List of storage groups in the tenant

Similarly to the list of groups in the node, this page shows a list of storage groups in the given tenant. Storage groups are grouped by storage pools in the list. Each pool can be expanded into a list of groups.

List of nodes belonging to the tenant

Here you can see a list of nodes belonging to the current tenant. If the tenant has the domain type, the list includes storage nodes.

Each node is represented by the following parameters:

  • #: The node ID.
  • Host: The host running the node.
  • Uptime: The node uptime.
  • Endpoints: The ports being listened to.
  • Version: The YDB version being run.
  • Pools usage: CPU utilization broken down by the internal stream pools.
  • CPU: CPU utilization by tablets.
  • Memory: RAM consumption by tablets.
  • Network: Network usage by tablets.
  • Tablets: A list of tablets running on the node, grouped by type.

Tenant schema

The left part of the page shows a diagram of tenant objects where you can select specific tables and view their details.

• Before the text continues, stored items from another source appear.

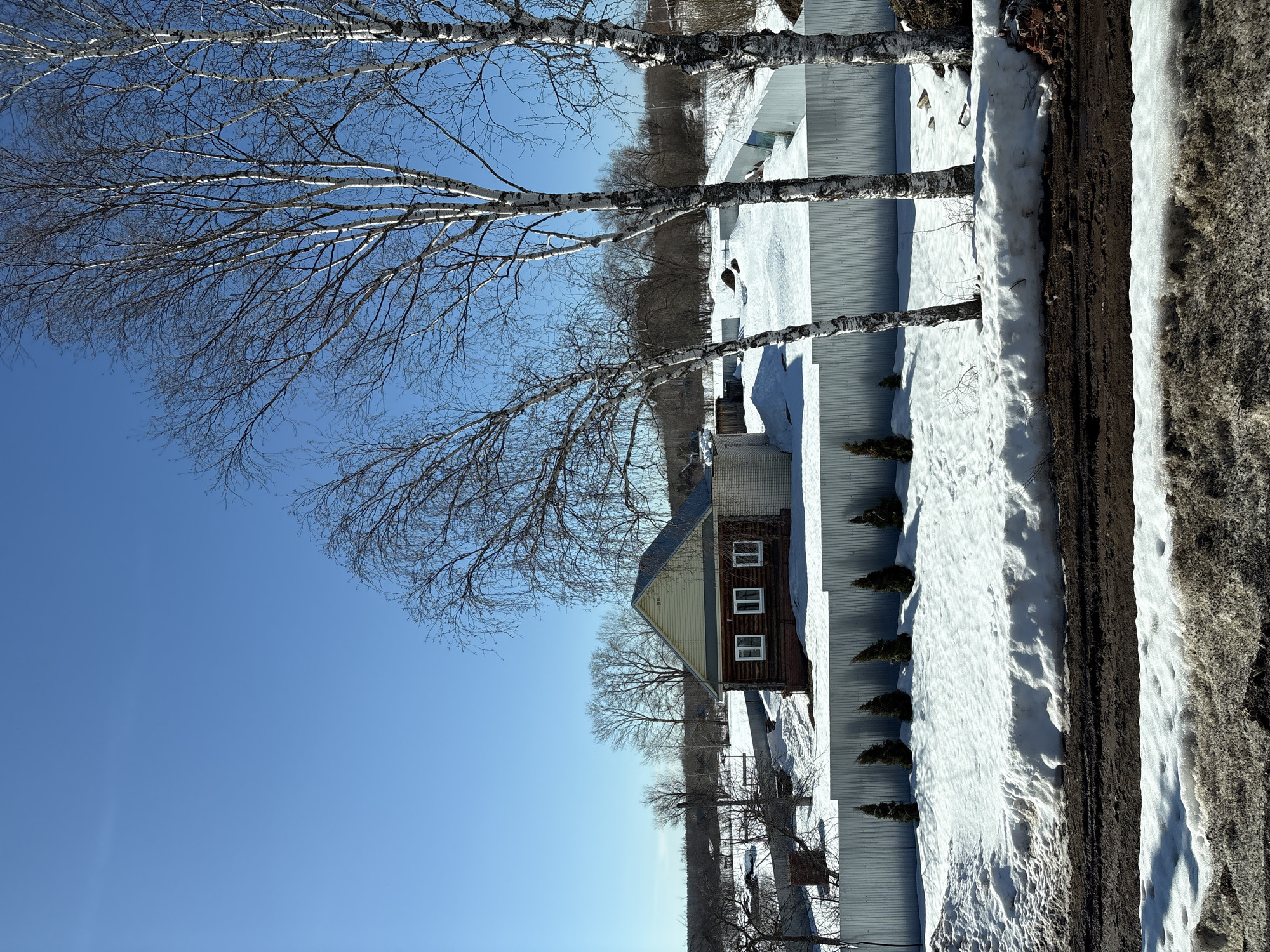 The image depicts an outdoor residential scene in the city of Кварса, Russia, under a clear, bright blue sky. In the immediate foreground, a dark, muddy dirt road runs horizontally, bordered by patches of melting snow. Immediately beyond this, a row of approximately six small, dark green coniferous shrubs is planted along a light grey corrugated metal fence that extends across the midground. Behind the fence, several tall, bare-branched birch trees with white and dark bark are prominent, their branches reaching towards the upper frame. Centered in the midground, a two-story residential house is visible, constructed with a lower section of horizontal logs and an upper gable section featuring light-colored horizontal siding and three equally spaced rectangular windows. A partial brick structure or section is visible on the right side of the house. The ground behind the fence and house is covered in snow, sloping downwards. The background reveals a landscape of numerous bare deciduous trees and brush under the expansive clear sky, characteristic of late winter or early spring conditions. No individuals or active interactions are present in the scene.
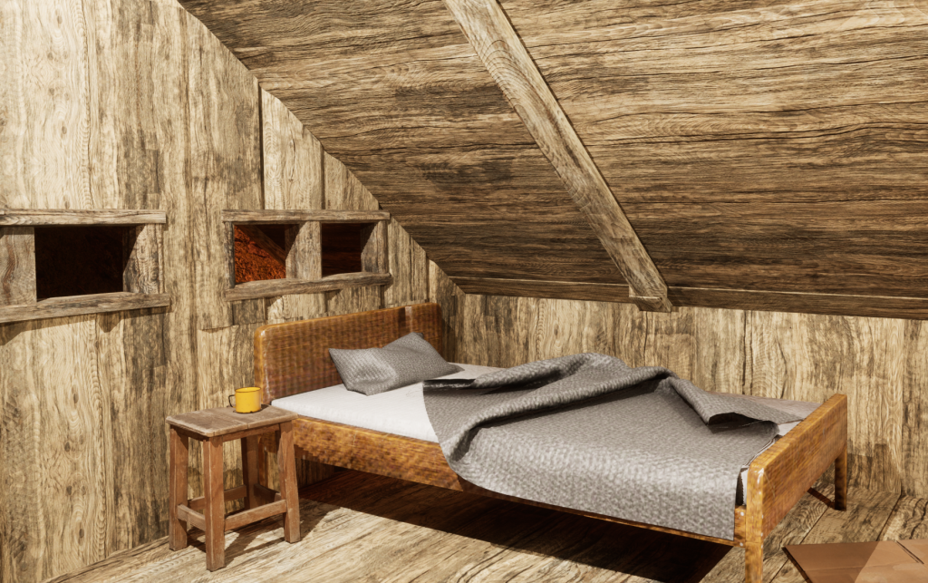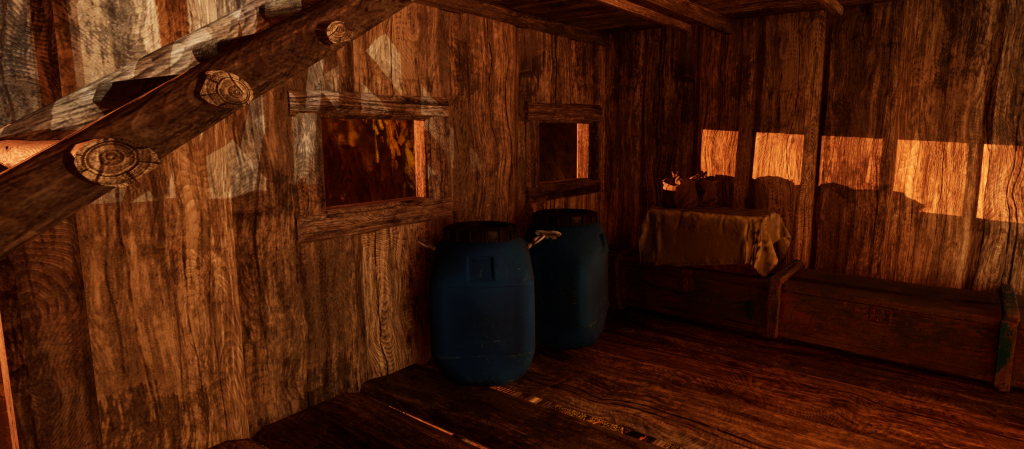 If I were to create the cabin again, I would adjust some of the parts that make it up as there are some that overlap and cause flickering on the textures.
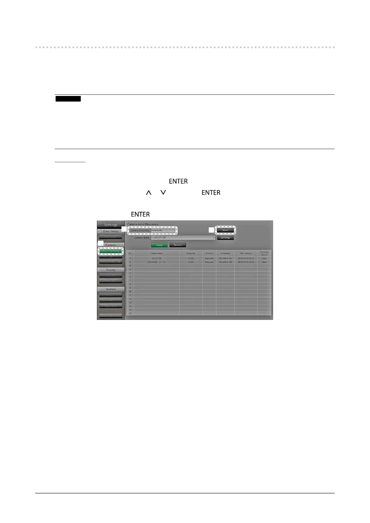 • Only the network cameras installed in the same subnet as the monitor are detected. If a network camera is

The right part includes the tabs:

  • Info: Information about the table and its schema.
  • Preview: A preview of the first items in the table.
  • Graph: A range of built-in graphs with information about the table status.
  • Describe: The result of running the describe command.
  • Query: The form for executing YQL queries.
  • Tablets: The list of tablets serving the table.
  • ACL: The Access Control List.
  • Top queries: The top most time-consuming queries to the table.
  • Top shards: The top most loaded table shards.

Network health

On the left side of the page, you can see the tenant’s nodes as squares of health indicators.

Whenever you select a node, the right side of the screen shows details about the health of the network connection between this node and other nodes.

Whenever you select the ID and Racks checkboxes, you can also see the IDs of nodes and their location in racks.

Health indicators

To the left of a component name, you might see a color indicating its health status.

The indicator colors have the following meaning:

  • Green: There are no problems, the component is working normally.
  • Blue: Data replication is in progress, no other issues observed.
  • Yellow: There might be problems, the component is still running.
  • Red: There are critical problems, the component is down (or runs with limitations).

If a component includes other components, then in the absence of its own issues, the state is determined by aggregating the states of its parts.